Solving Logarithmic Equations — Free Game

Solving Logarithmic Equations

A logarithmic equation is an equation where the variable is found inside a logarithm. To solve these equations, the general strategy is to use logarithm properties to combine terms into a single logarithm, and then convert the equation into exponential form.

Key Properties to Remember

Before jumping into solving, make sure you know these fundamental logarithm rules:

Product Rule: $\log_b(xy) = \log_b(x) + \log_b(y)$
Quotient Rule: $\log_b\left(\frac{x}{y}\right) = \log_b(x) - \log_b(y)$
Exponential Conversion: $\log_b(x) = y \iff b^y = x$
One-to-One Property: If $\log_b(x) = \log_b(y)$ , then $x = y$

The 4-Step Method

Condense: If there are multiple logarithms on one side of the equation, use the product or quotient rules to combine them into a single logarithm.
Convert: Rewrite the equation in exponential form to eliminate the logarithm. (If both sides have a single logarithm with the same base, just drop the logs using the one-to-one property).
Solve: Solve the resulting algebraic equation.
Check: This is crucial! The argument (inside) of a logarithm must always be strictly greater than zero. You must plug your answers back into the original equation to check for "extraneous" (invalid) solutions.
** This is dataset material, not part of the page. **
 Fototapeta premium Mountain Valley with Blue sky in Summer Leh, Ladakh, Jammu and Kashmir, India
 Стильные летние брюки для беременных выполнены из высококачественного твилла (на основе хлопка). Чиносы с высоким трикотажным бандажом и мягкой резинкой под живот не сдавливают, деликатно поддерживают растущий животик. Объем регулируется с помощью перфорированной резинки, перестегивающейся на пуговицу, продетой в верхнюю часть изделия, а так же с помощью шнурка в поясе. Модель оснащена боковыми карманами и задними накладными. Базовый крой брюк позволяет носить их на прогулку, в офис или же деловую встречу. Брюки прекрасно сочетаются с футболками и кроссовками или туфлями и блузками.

Example 1: Converting to Exponential Form

Solve: $\log_2(x) + \log_2(x - 2) = 3$

Step 1: Condense the logarithms. Use the product rule to combine the left side:

$\log_2(x(x - 2)) = 3$

Step 2: Convert to exponential form.

$2^3 = x(x - 2)$

Step 3: Solve the equation.

$8 = x^2 - 2x$

$x^2 - 2x - 8 = 0$

$(x - 4)(x + 2) = 0$

This gives us two potential solutions: $x = 4$ and $x = -2$ .

Step 4: Check for extraneous solutions. If we plug $x = -2$ into the original equation, we get $\log_2(-2)$ , which is undefined because we cannot take the logarithm of a negative number or zero. Therefore, $x = -2$ is an extraneous solution. The only valid solution is $x = 4$ .
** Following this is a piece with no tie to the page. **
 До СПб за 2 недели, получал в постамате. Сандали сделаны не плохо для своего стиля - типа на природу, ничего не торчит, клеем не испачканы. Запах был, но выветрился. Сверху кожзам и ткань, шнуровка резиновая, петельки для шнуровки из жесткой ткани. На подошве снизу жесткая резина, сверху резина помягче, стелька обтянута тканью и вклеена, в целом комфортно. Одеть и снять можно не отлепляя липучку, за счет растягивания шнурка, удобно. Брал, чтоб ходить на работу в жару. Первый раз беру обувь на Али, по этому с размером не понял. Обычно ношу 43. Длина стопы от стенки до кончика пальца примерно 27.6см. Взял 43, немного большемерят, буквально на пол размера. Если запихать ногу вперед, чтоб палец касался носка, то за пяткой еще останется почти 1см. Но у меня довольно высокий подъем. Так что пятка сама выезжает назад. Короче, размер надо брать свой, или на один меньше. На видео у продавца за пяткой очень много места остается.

Example 2: Using the One-to-One Property

Solve: $\ln(x + 1) - \ln(x - 1) = \ln 3$

Step 1: Condense the logarithms. Use the quotient rule on the left side:

$\ln\left(\frac{x + 1}{x - 1}\right) = \ln 3$

Step 2: Use the one-to-one property. Since both sides are natural logs ( $\ln$ ), we can set their arguments equal to each other:

$\frac{x + 1}{x - 1} = 3$

Step 3: Solve the equation. Multiply both sides by $(x - 1)$ :

$x + 1 = 3(x - 1)$

$x + 1 = 3x - 3$

$4 = 2x$

$x = 2$

Step 4: Check your answer. Plug $x = 2$ into the original equation arguments: $(2 + 1) = 3 > 0$ and $(2 - 1) = 1 > 0$ . Both arguments are positive, so $x = 2$ is a valid solution.